Robenacoxib is a novel nonsteroidal anti-inflammatory drug approved for dogs. The present study aimed to evaluate influences of sevoflurane anesthesia on the distribution of robenacoxib in dogs. Ten healthy beagle dogs (1 to 11 years old, 9.3 to 14.3 kg body weight, 6 males and 4 females) were subcutaneously administered robenacoxib (2 mg/kg) under conscious condition or sevoflurane anesthesia inhaled a 1.3-fold predetermined individual minimum alveolar concentration of sevoflurane at a 28-day interval. The dogs under sevoflurane anesthesia were also mechanically ventilated and received fluid-therapy. On each occasion, serum samples were collected from the dogs before and at 5, 15, 30, 60, 120, 180, and 240 min after the robenacoxib administration. Serum robenacoxib concentration was measured by a liquid chromatography-tandem mass spectrometry. Maximum serum concentration of robenacoxib (Cmax) was 2.2 µg/ml [range: 1.2–4.6] (median [range: minimum-maximum]) and time of Cmax (Tmax) was 90 min [range: 60–120] in the conscious dogs. In the sevoflurane-anesthetized dogs, the Cmax significantly declined (1.3 µg/ml [range: 0.8–1.4], P=0.008) and Tmax was delayed (120 min [range: 120–240], P=0.018) compared with those in the conscious dogs. The serum robenacoxib concentration at 240 min (C240) decreased to 0.5 µg/ml [range: 0.2–0.9] in the conscious dogs, while it remained higher in the sevoflurane-anesthetized dogs (1.0 µg/ml [range: 0.3–1.4], P=0.011). In conclusion, the anesthetic procedure with sevoflurane, mechanically ventilated, and received fluid-therapy might affect the pharmacokinetics of subcutaneously administered robenacoxib in dogs.

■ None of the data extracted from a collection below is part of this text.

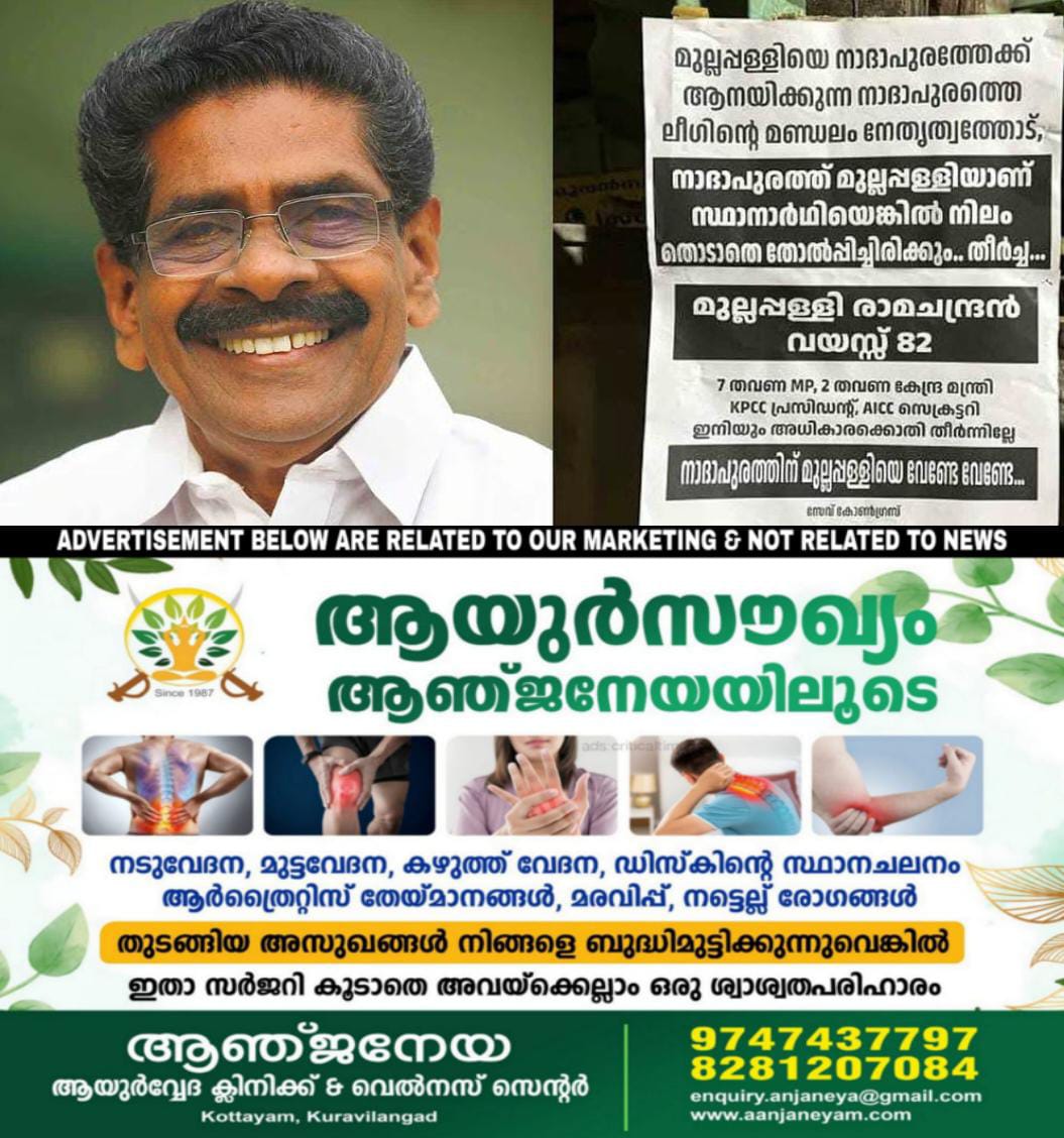 കോഴിക്കോട് ജില്ലയിലെ നാദാപുരം, കൊയിലാണ്ടി മണ്ഡലങ്ങളില് ഏതിലെങ്കിലും മത്സരിക്കാന് മുല്ലപ്പള്ളി രാമചന്ദ്രന് നീക്കം നടത്തുന്നുണ്ടെന്ന വാര്ത്ത പ്രചരിക്കുന്നതിനിടെയാണ് പോസ്റ്ററുകള് പ്രത്യക്ഷപ്പെട്ടത്. തെരഞ്ഞെടുപ്പില് യുവാക്കള്ക്കൊപ്പം മുതിര്ന്നവര്ക്കും അര്ഹമായ പരിഗണന നല്കണമെന്ന് മുല്ലപ്പള്ളി ആവശ്യപ്പെട്ടിരുന്നു.
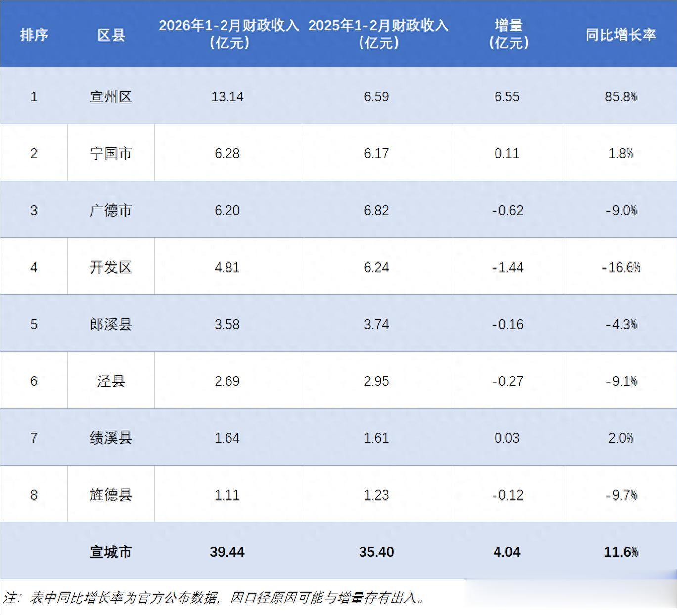 宣城市地处安徽东南,与江苏、浙江均有交界,为长三角腹地。根据统计部门公布的数据,2026年1-2月份,宣城全市共实现地方财政收入39.44亿元,较上年同期增加4.04亿元,同比增长率为11.6%,总体势头不错。
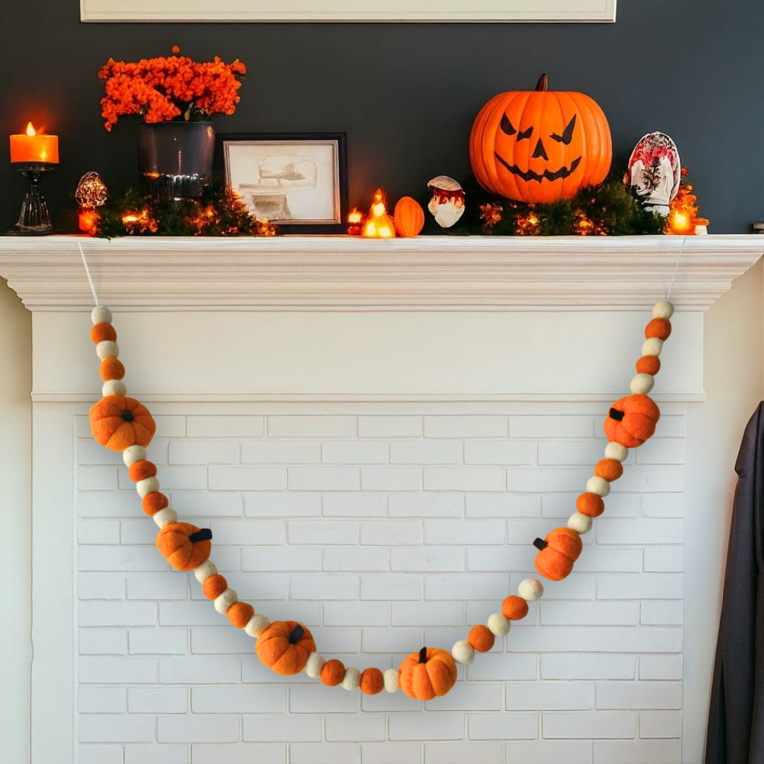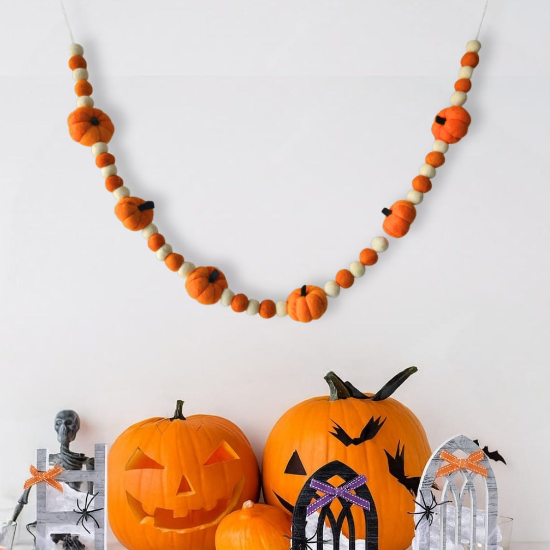 Pumpkin Pompom Bunting – Autumn Glow
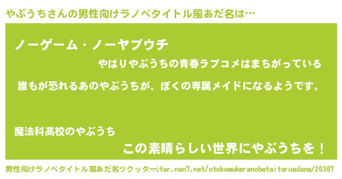 | 意味不明あだ名 | 『永久保存やぶうち』『自称やぶうち』 |

Anesthetic and cardiorespiratory effects of single-bolus intravenous alfaxalone with or without intramuscular xylazine-premedication in calves

The anesthetic and cardiorespiratory effects of xylazine-alfaxalone combination were evaluated in calves. Six calves (age: 6–9 months old; weight: 114–310 kg) were anesthetized with intravenous alfaxalone 15 min after administration of intramuscular saline (0.5 ml/100 kg) or xylazine (0.1 mg/kg; 0.5 ml/100 kg of a 2% xylazine solution). Anesthesia induction was smooth and orotracheal intubation was achieved in all calves. The calves anesthetized with xylazine-alfaxalone required a smaller induction dose of alfaxalone (1.23 ± 0.17 mg/kg, P=0.010) and accepted endotracheal intubation for a significantly longer period (16.8 ± 7.2 min, P=0.022) than the calves anesthetized with alfaxalone alone (2.28 ± 0.65 mg/kg 7.3 ± 1.6 min). At 5 min after induction, tachycardia (heart rate: 166 ± 47 beats/min of heart rate), hypertension (mean arterial blood pressure: 147 ± 81 mmHg) and hypoxemia (partial pressure of arterial blood oxygen [PaO2]: 43 ± 10 mmHg) were observed in the calves anesthetized with alfaxalone alone, whereas hypoxemia (PaO2: 47 ± 7 mmHg) and mild hypercapnia (partial pressure of arterial blood carbon dioxide: 54 ± 5 mmHg) were observed in the calves anesthetized with xylazine-alfaxalone. Premedication with xylazine provided a sparing effect on the induction dose of alfaxalone and a prolongation of anesthetic effect. Oxygen supplementation should be considered to prevent hypoxemia during anesthesia.